I have to read (or at least pretend to read) a steaming pile of scientific studies for this job, and since my brain is often in that mode, you will most likely be exposed to many liberally paraphrased chunks of academia from journals such as the Annals of Fecology (copyright on that name: mine), mixed with my own inappropriate insight. One of my goals is to teach you the Art of Awkward Conversation Using the Gastrointestinal and Genitourinary System, since I can only write on this blog and can’t be there with your soon-to-be-smaller circle of friends via the Internet.

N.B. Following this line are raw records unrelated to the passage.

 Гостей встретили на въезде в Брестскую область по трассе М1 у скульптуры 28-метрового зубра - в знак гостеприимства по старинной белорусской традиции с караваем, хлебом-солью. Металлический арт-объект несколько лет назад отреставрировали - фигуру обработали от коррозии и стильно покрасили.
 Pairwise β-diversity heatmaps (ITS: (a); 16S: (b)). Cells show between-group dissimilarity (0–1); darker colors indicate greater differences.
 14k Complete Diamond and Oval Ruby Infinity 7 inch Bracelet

Note: I plan to make this technology available as soon as possible (working title: Doctor Colonic’s Insta-Blog Virtual Presence). Until then, you have only my words to help you along the path.

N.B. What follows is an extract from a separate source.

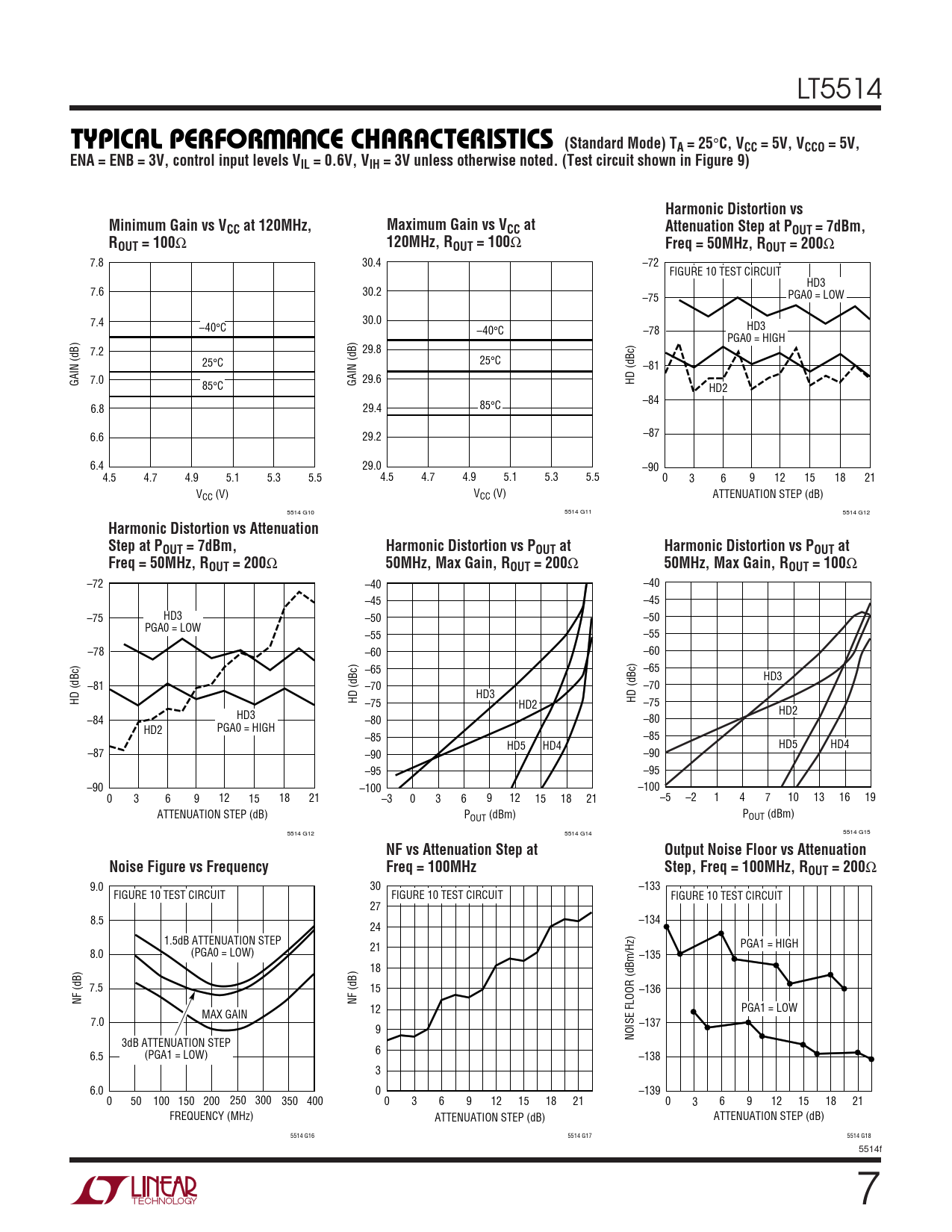 Ω –72 –40 –40 –45 –45 –75 HD3 –50 –50 PGA0 = LOW –55 –55 –78 –60 –60 –65 –65 HD3 –81 –70 –70 HD3 HD (dBc) HD (dBc) –75 HD (dBc) HD2 –75 HD3 HD2 –84 –80 –80 HD2 PGA0 = HIGH –85 –85 HD5 HD4 HD5 HD4 –87 –90 –90 –95 –95 –90 –100 –100 0 3 6 9 12 15 18 21 –3 0 3 6 9 12 15 18 21 –5 –2 1 4 7 10 13 16 19 ATTENUATION STEP (dB) POUT (dBm) POUT (dBm) 5514 G12 5514 G14 5514 G15

My name is Papa Squat and like many of you I have been taking care of business for multiple decades. I consider myself to be someone with eclectic interests ranging from the popular to the obscure. What Ken Jennings is to Jeopardy, Papa Squat is to He Shat, She Shat. I am your “jack of all trades, master of none.” I imagine this personality will come through in my writing and topic discussion. Topics will range from a technical analysis on colorectal angles to the use of cell phones in the bathroom (public vs. private, urinal vs. stall) and beyond. I am not afraid to discuss the most taboo of subjects yet hope to do so while maintaining some humor, style, and grace. Join me as we laugh, cringe, and learn together – there is much to discuss.
Doogan Howser MD
Greetings from the shadows of the everlasting porcelain throne stall. By way of introduction I am Doogan Howser MD and I am pleased to be a part of this noble endeavor of discussing the world of dooking. Due to my stubborn bowels, I spend about an hour a day on the pot taking care of business. So while I am not a real doctor, in the traditional sense of the word, I feel more than qualified to opine on the matter. Maybe you could say that the MD stands for Mad Diarrhea or Messy Dumps. You choose. I hope to assist in bringing to light what has long been kept hidden behind closed doors of graffiti-covered stalls. And you can rest assured that every one of my posts will be written whilst sitting upon the can.